Your copy must hold all of the data below, unchanged and without images.

======== Data segment ========

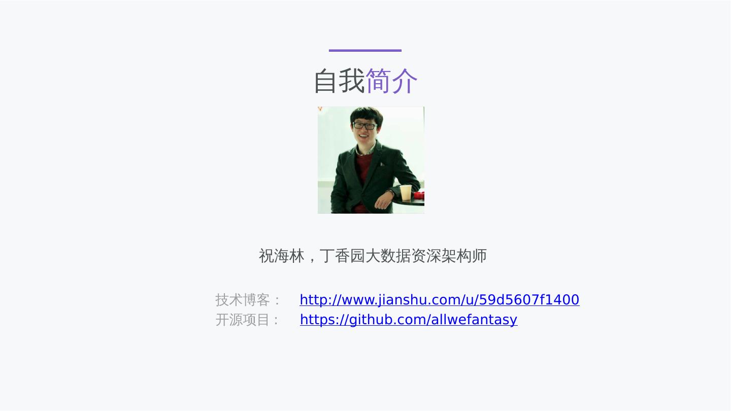 2 .自我 简介 祝海林,丁香园大数据资深架构师 技术博客: http://www.jianshu.com/u/59d5607f1400 开源项目: https://github.com/allwefantasy
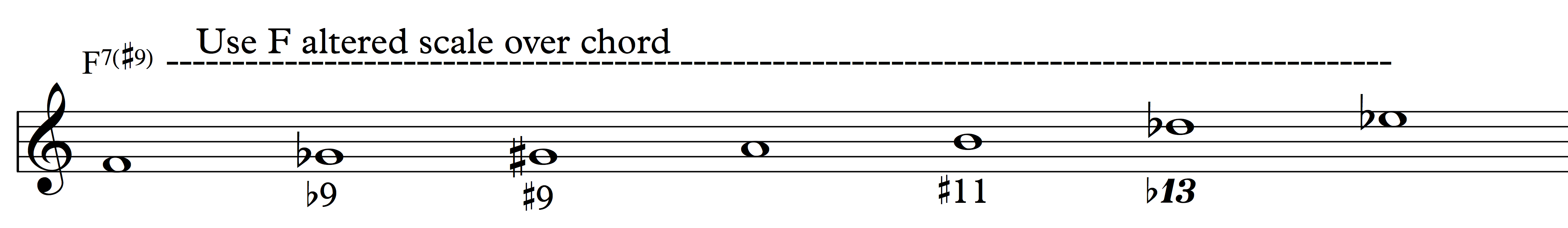 In this context, playing the F blues scale no longer works. Our solo is now more likely to be vertical (appropriate note choices over each individual chord). And this time the F7(#9) chord could, for example, support F altered scale:
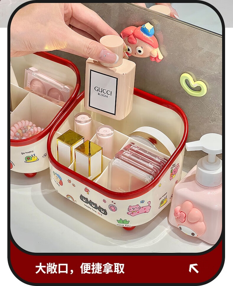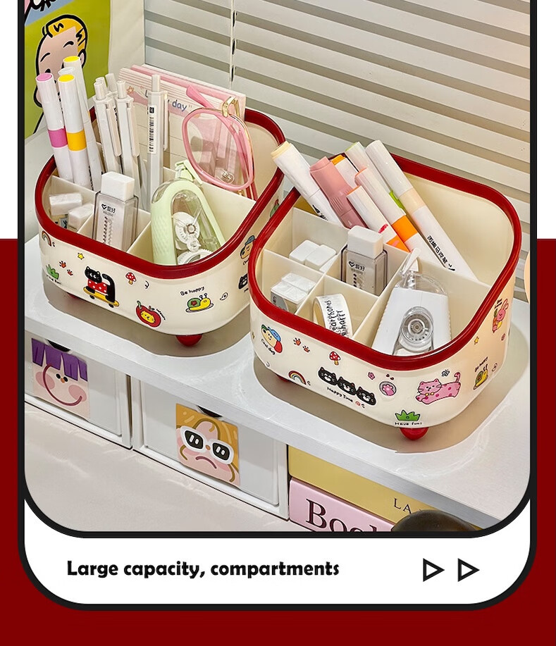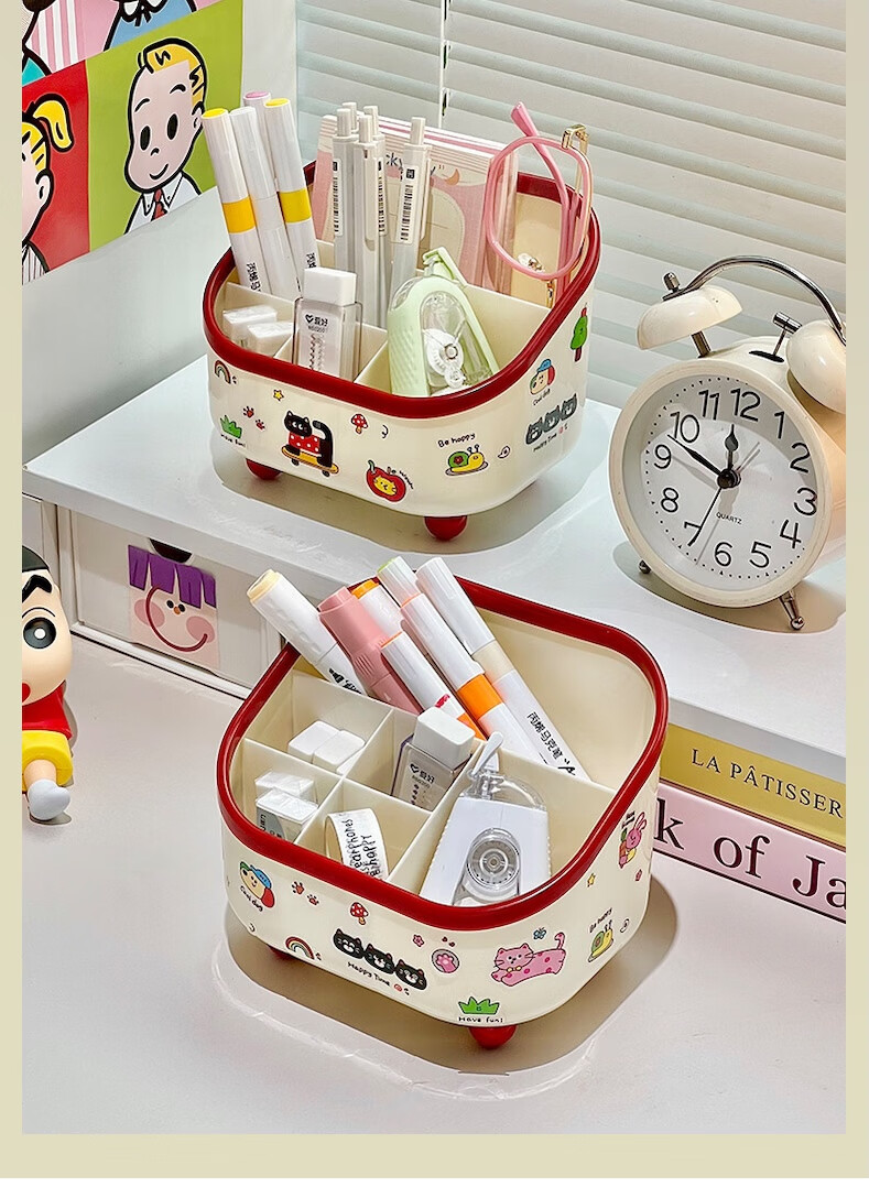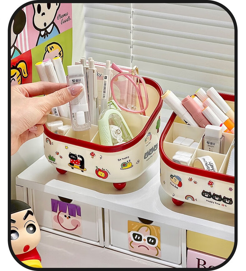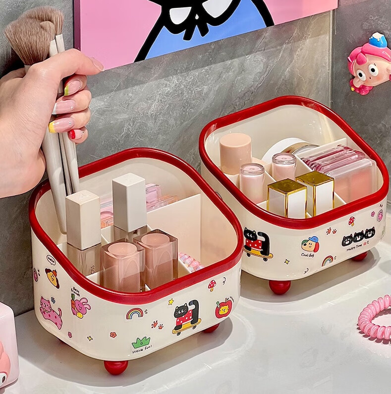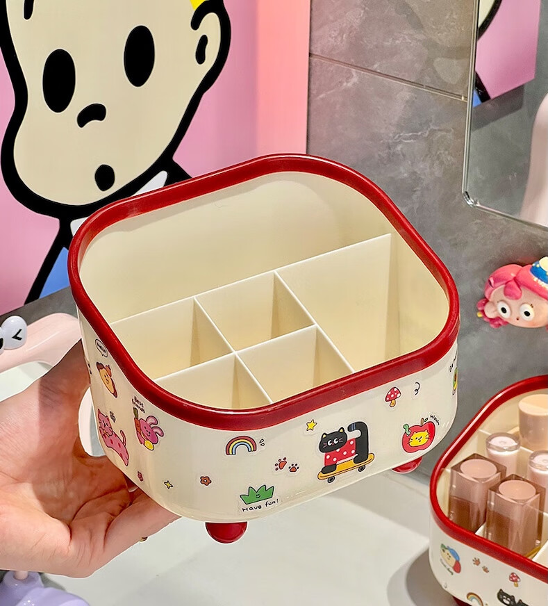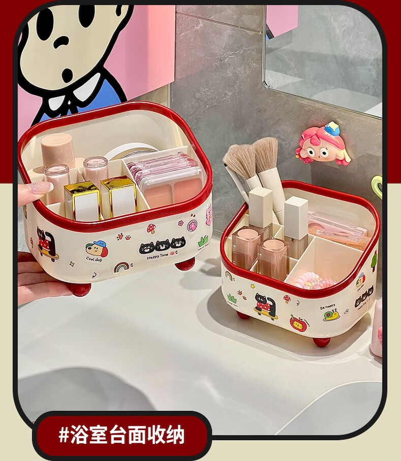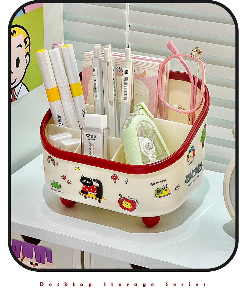 桌面收纳盒桌上多巴胺盒子客厅分格储物办公室置物收纳笔筒小盒子 桌面收纳盒【送贴纸】 15.5*13*12.5cm 奶油色 1个

========

### [Solution to this problem]
 2 .自我 简介 祝海林,丁香园大数据资深架构师 技术博客: http://www.jianshu.com/u/59d5607f1400 开源项目: https://github.com/allwefantasy
 In this context, playing the F blues scale no longer works. Our solo is now more likely to be vertical (appropriate note choices over each individual chord). And this time the F7(#9) chord could, for example, support F altered scale:
 桌面收纳盒桌上多巴胺盒子客厅分格储物办公室置物收纳笔筒小盒子 桌面收纳盒【送贴纸】 15.5*13*12.5cm 奶油色 1个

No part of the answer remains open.